Ok, so while this fixes things, it has the unfortunate effect of putting the text "The third month" in quotes in the prompt box. Not a showstopper, obviously, but not as nice as one would like for a piece of expository code.
Also, the arguments prompting thing in general just feels really hokey. Lots of little bugs. I imagine they could be cleaned up, but this is one of thing that scared me away from mcclim initially and I imagine others might feel similarly. Not to be too negative, but I want to 1) point it out and 2) learn enough so that I might be able to do something about it.
Thanks,
Cyrus
On Feb 10, 2007, at 1:12 PM, Troels Henriksen wrote:
Cyrus Harmon ch-mcclim@bobobeach.com writes:
Granted this is a minor gripe but when I run the presentation example given in the manual, the manual says I should see that output "the 15 or The third month" when I click on the shown objects.

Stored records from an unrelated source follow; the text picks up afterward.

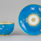 | Jelzés: | talpán masszába nyomva: MINTONS; arannyal bélyegzett gyári jelzés, három visszahajló tollat összefogó szalag, PARIS EXHIBITION 1878 - MINTONS felirattal |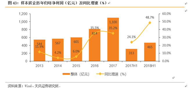由于净利润增速远超营业收入,44家样本房企净利润率也大幅提升,由2017年上半年的12.0%提升至2018年上半年的14.2%。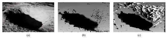 Stereo matching algorithms can be categorized into two main types based on their constraints and search strategies []: local algorithms and global algorithms. Local algorithms compute and aggregate costs using information such as image intensity or gradient within a defined search range [,,]. They then generate the disparity map using the winner-takes-all (WTA) strategy. For example, NASA’s Spirit and Opportunity rovers utilized a correlation-based window stereo matching algorithm []. However, these methods are highly sensitive to variations in image brightness. To address this issue, stereo matching algorithms based on the Sum of Absolute Differences (SAD) and Sum of Squared Differences (SSD) were later developed and widely adopted. For example, the Jet Propulsion Laboratory (JPL) employed an improved SAD algorithm for detecting planetary slopes and rocks []. Meanwhile, reference [] used SSD to estimate the DEM of the planetary surface. Despite their widespread use, these two algorithms exhibit limited robustness when dealing with the sparse textures and extreme lighting conditions typical of lunar scenes, resulting in low disparity estimation accuracy. Traditional local window matching algorithms determine the match for the central pixel by comparing the grayscale similarity of neighboring pixels within the window. This approach is prone to errors due to projection distortions that cause grayscale values within the window to misalign, and the pixel-by-pixel calculation is time-consuming. To mitigate these issues, Zalih proposed non-parametric rank and Census algorithms []. These algorithms rely on pixel information but replace absolute information with relative information, reducing the impact of gain and bias and partially addressing the illumination problem. The Tianwen-1 stereo camera employs a sparse Census transform to alleviate grayscale variations caused by uneven lighting []. However, challenges remain in accurately estimating disparities in regions with extensive shadow occlusion and weak textures. Overall, these local methods perform poorly under the specific lighting conditions, weak textures, and shadow occlusions encountered in lunar scenes, making them less effective for stereo matching in complex lunar environments.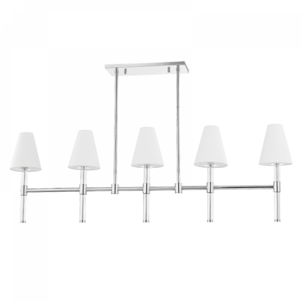 A beautiful blend of acrylic, metal and linen, Janelle gives off a vintage vibe with details that feel fresh. Tapered white linen shades are suspended on long, linear sticks of acrylic that allow the metal details inside to show through. With linear, chandelier and sconce options in aged brass or polished nickel, this updated retro design is sure to find a place in your space.

In fact I get "the 15 of THE". Is the manual in error or is something wrong here?
This is a bug that Goatee is able to handle, but Drei is not. It happens due to the default present/accept methods for presentation types (which is quite a kludge in itself) that just invokes print/read on the objects and try to wing it that way. This works very poorly, since the presentation of a string will then be "string", but that can't be read in by the corresponding default accept method, because it uses `read-token' to get the string, and that removes the quotes (so it'll be interpreted as a symbol by the reader, but that won't work well if the string has whitespace in it, this is why you only see the first word, and in uppercase). Goatee is somehow able to detect that the result of presenting the object to a string is not acceptable back in, and thus puts in an "accept extent" (roughly, a reference to the actual object that is returned instead of attempting to parse the string). I don't quite know why Goatee detects it, it's probably an accident. :-)
In any case, the central problem is accepting textual input of presentation types that do not have accept methods. Bad, bad, bad.